Statement of Chairman F. James Sensbenbrenner, Jr.
“Saving the Savings Clause”Antitrust Telecom Oversight Hearing
November 19, 2003
The Committee on the Judiciary has exclusive jurisdiction over all federal antitrust laws and exercises oversight of the federal agencies charged with their implementation. As Chairman of this Committee, I have made it a priority to rigorously assess the implementation of the antitrust laws. I have also sought to ensure that the lawmaking authority of Congress and its exclusive legislative prerogatives are accorded the executive and judicial deference the Constitution commands.
The elimination of AT&T’s telephone monopoly is widely-regarded as a landmark pro-competitive achievement and inextricably rooted in the antitrust laws. While the former Bell monopoly had operated for decades in a comprehensive state and federal regulatory regime, the government relied on the antitrust laws to provide the pro-competitive remedy that regulation could not and can not provide alone.

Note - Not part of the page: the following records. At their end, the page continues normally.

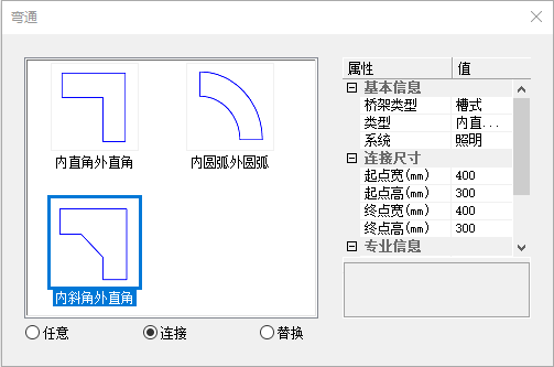 [连接] 依次点取第一段桥架和第二段桥架,鼠标右键完成弯头连接。弯头与桥架断面参数自动取与之相连的桥架断面参数。
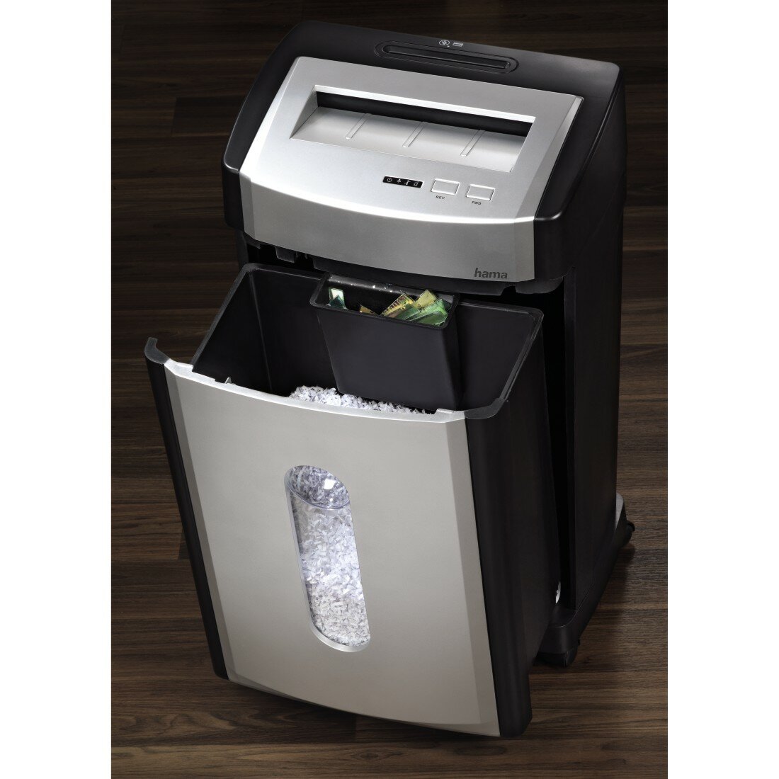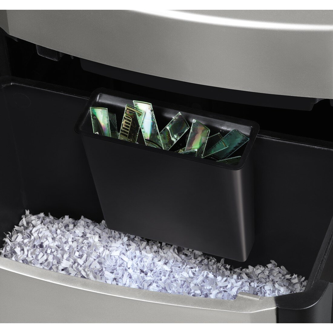 NISZCZARKA HAMA PROFESIONAL M12CD niszczy nie tylko papier, ale także plastikowe karty oraz płyty CD, DVD czy Blu-ray. Do ich niszczenia służy oddzielny podajnik. Płyty i karty można niszczyć także w podajniku na papier. Wówczas zostają rozdrobnione na mniejsze części. Również pojemniki na odpady do papieru oraz do płyt i kart są oddzielne.
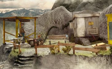 Внутри посмотрите на картину справа от двери и взаимодействуйте с ней, чтобы снять и увидеть скрытый выключатель. Нажмите на него, чтобы включить свет, а затем возьмите упавший стакан с одного из столов. Посмотрите открытки, расположенные на стене барной стойки. Возьмите одну из них с картой местности. Используйте плоскогубцы на панели с переключателями (справа от входной двери).
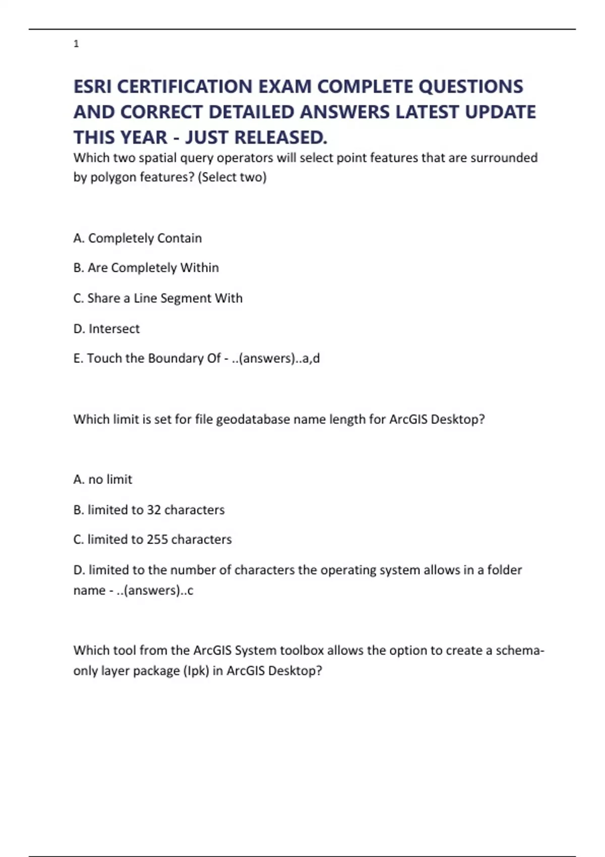 ESRI CERTIFICATION EXAM COMPLETE QUESTIONS

However, only two decades later, the continued application of the antitrust laws in the telecommunications sector is under legal assault. The purpose of today’s hearing is to examine how we have gotten to this point, and how Congress can emphasize its clear intent in this important debate.
While the 1982 consent decree produced almost immediate competitive gains in the long distance telephone market, local telephone service was still the exclusive province of the regional Bell companies who inherited much of the local infrastructure of the former AT&T monopoly. As a result, this Committee and Congress as a whole continued to spearhead efforts to ensure that the antitrust laws served as an effective pro-competitive tool.
The Telecommunications Act of 1996 represented the most decisive expression of congressional resolve to bring competition to the telecom industry. The findings section of the 1996 Act states that its purpose is “to promote competition and reduce regulation in order to secure lower prices and higher quality services for American telecommunications consumers . . . by opening all telecommunications markets to competition.”
In the 1996 Act, Congress enacted an explicit antitrust savings clause in the legislation. In plain language that provides clear and unmistakable congressional guidance to both regulators and judges, the antitrust savings clause contained in Section 601(c)(1) of the 1996 Act provides that: “. . . Nothing in this Act or the amendments made by this Act shall be construed to modify, impair, or supersede the applicability of any of the antitrust laws.” The clarity of this savings clause leaves very little to the imagination of a regulator or judge. However, the imaginations of regulators and judges can sometimes be more active than we can predict, and in some cases their apparent misunderstanding of the will of Congress is disappointing and difficult to comprehend.
The savings clause was by no means the only significant antitrust provision contained in the 1996 Act. To promote the competition, Section 271 requires DOJ to examine competitive conditions in local markets before FCC approves the Bell’s applications to provide long-distance service. This elevated DOJ role reaffirms the centrality of Antitrust law in the Act’s effective application.
The antitrust laws provide relief to competitors when a monopoly maintains its position by inflicting significant injury on a competitor. When anti-competitive injury arises from violations of the Telecommunications Act of 1996, the antitrust laws may also come into play. Congress emphatically did not intend to create a safe harbor in which monopolists could violate the antitrust laws with impunity. Rather, the antitrust laws and 1996 Act are mutually-reinforcing remedial systems: Violations of the 1996 Act may or may not establish an actionable antitrust claim, but the plain language and logical framework of the Act preserve an antitrust remedy for sustained anti-competitive conduct.
Nonetheless, a record of considerable judicial confusion has developed over the last few years. In its Goldwasser decision in 2000, the Seventh Circuit Court of Appeals dismissed an antitrust claim against Ameritech and held that the 1996 Act “must take precedence over the general antitrust laws.”
Last year, in Law Offices of Curtis Trinko v. Verizon, the Second Circuit sharply departed from the reasoning contained in Goldwasser and recognized that a violation of the 1996 Act may also violate the antitrust laws. On March 3, 2003, the Supreme Court took the case and oral arguments were heard last month. There is much at stake in this case. If Trinko is overturned, the historic role of the antitrust laws in promoting competition in the telecom sector and the clear intent of Congress will be judicially subverted. If this occurs, a swift and decisive legislative correction will be necessary and it will be forthcoming. Everyone can rest assured that the antitrust laws will continue to apply to this industry.
I am also concerned about the standard for a section 2 violation that DOJ has proposed in the Trinko case, and we will examine that issue today as well. With that, I now recognize the Ranking Member for his remarks.